1. Memory Allocation:

• The function returns an array of strings, so we first allocate memory for the array result that will hold the strings.
• Each string requires memory allocation separately. Since the maximum string length is 8 characters (for "FizzBuzz") plus 1 for the null terminator (\0), we allocate space for each string using malloc(9 * sizeof(char)).

2. FizzBuzz Logic:

• For each number from 1 to n, we check:
  • If the number is divisible by both 3 and 5, we assign "FizzBuzz".
  • If it's divisible by only 3, we assign "Fizz".
  • If it's divisible by only 5, we assign "Buzz".
  • Otherwise, we convert the number to a string using snprintf and store it in the array.

3. Returning the Result:

• The function returns the result array, and the size of the array (n) is returned through the returnSize pointer.
• The main function demonstrates how to call this function and free the allocated memory properly.

Code:

/**
 * Note: The returned array must be malloced, assume caller calls free().
 */
char** fizzBuzz(int n, int* returnSize) {
    *returnSize = n;
    char** result = (char**)malloc(n * sizeof(char*)); // Allocate memory for the result array

    for (int i = 1; i <= n; i++) {
        result[i - 1] = (char*)malloc(9 * sizeof(char)); // Allocate memory for each string (maximum length is 8 for "FizzBuzz" + 1 for '\0')

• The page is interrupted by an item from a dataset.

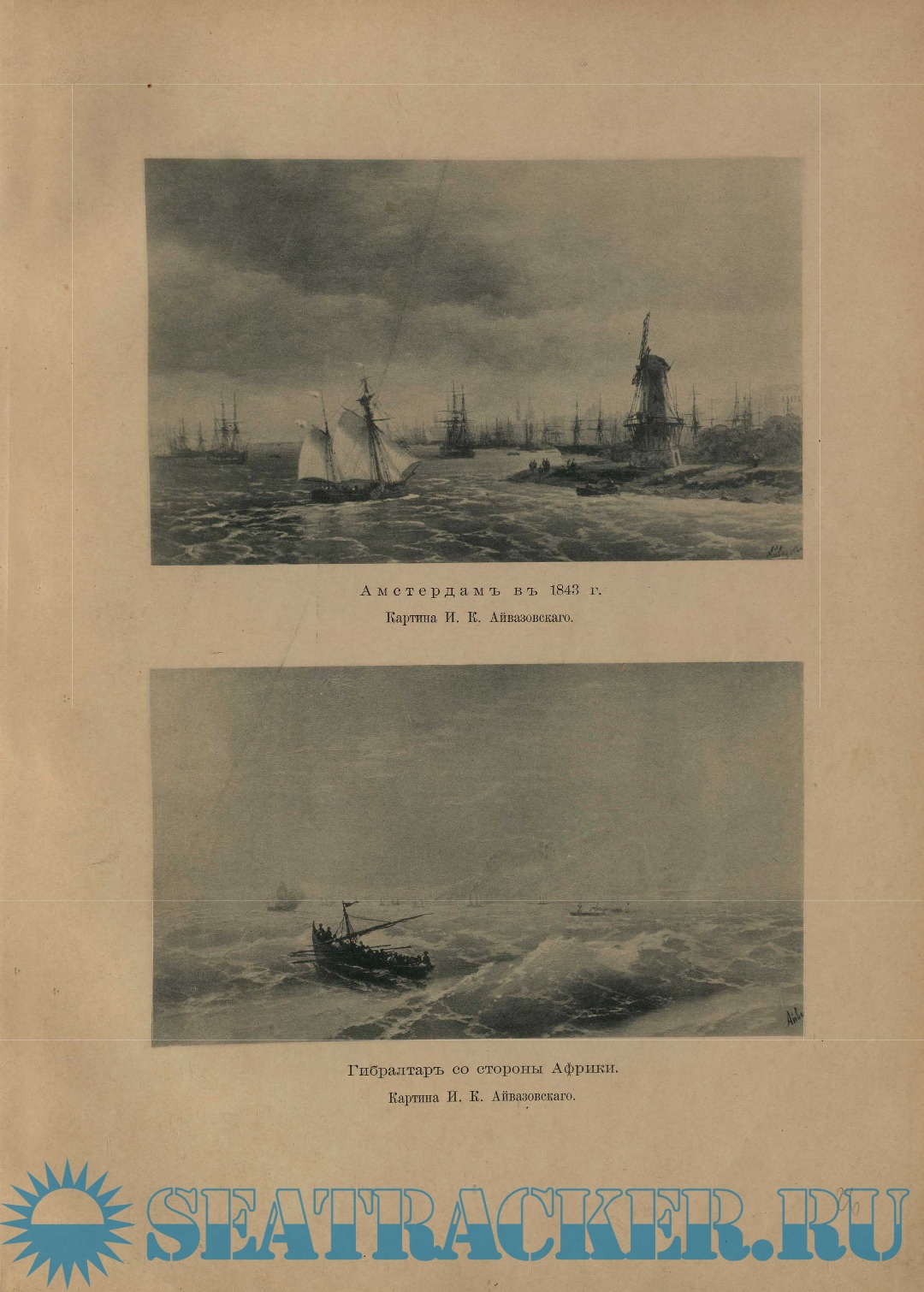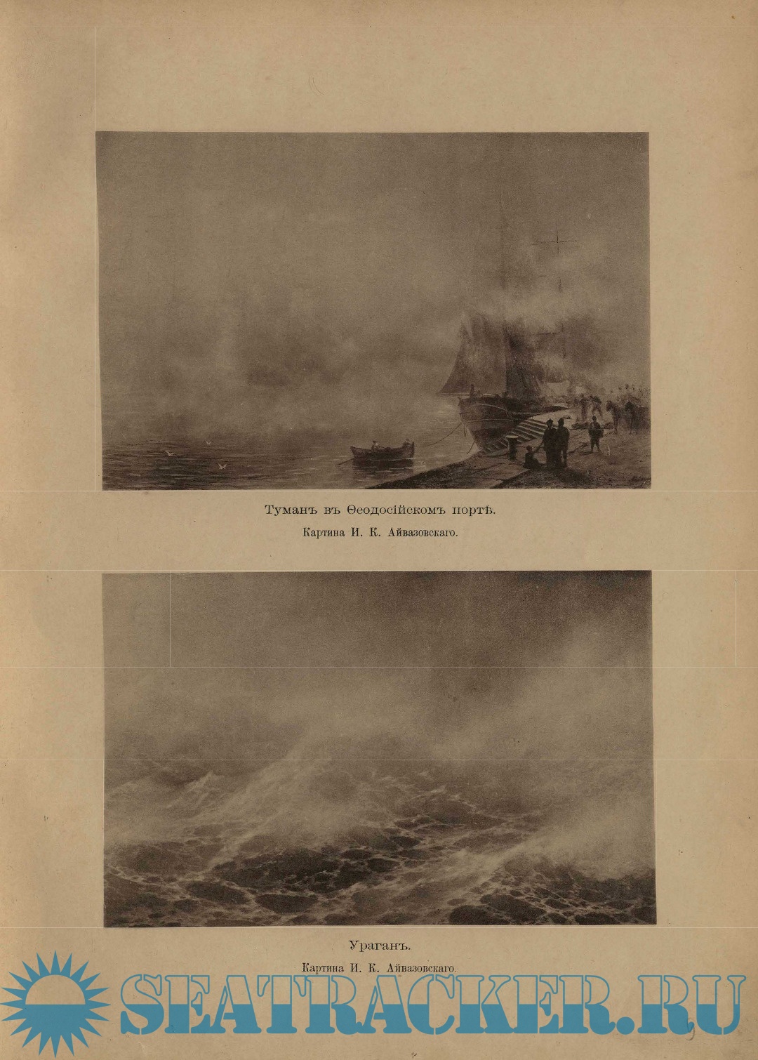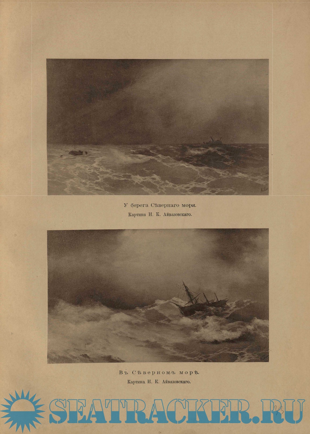 Рисунокъ обложки — виньетка, исполненная Н.Н. Грипенко для адреса, поднесеннаго И.К. Айвазовскому Обществомъ русскихъ художниковъ въ Парижѣ.

        if (i % 3 == 0 && i % 5 == 0) {
            strcpy(result[i - 1], "FizzBuzz");
        } else if (i % 3 == 0) {
            strcpy(result[i - 1], "Fizz");
        } else if (i % 5 == 0) {
            strcpy(result[i - 1], "Buzz");
        } else {
            snprintf(result[i - 1], 9, "%d", i); // Convert the integer to a string
        }
    }

    return result;
}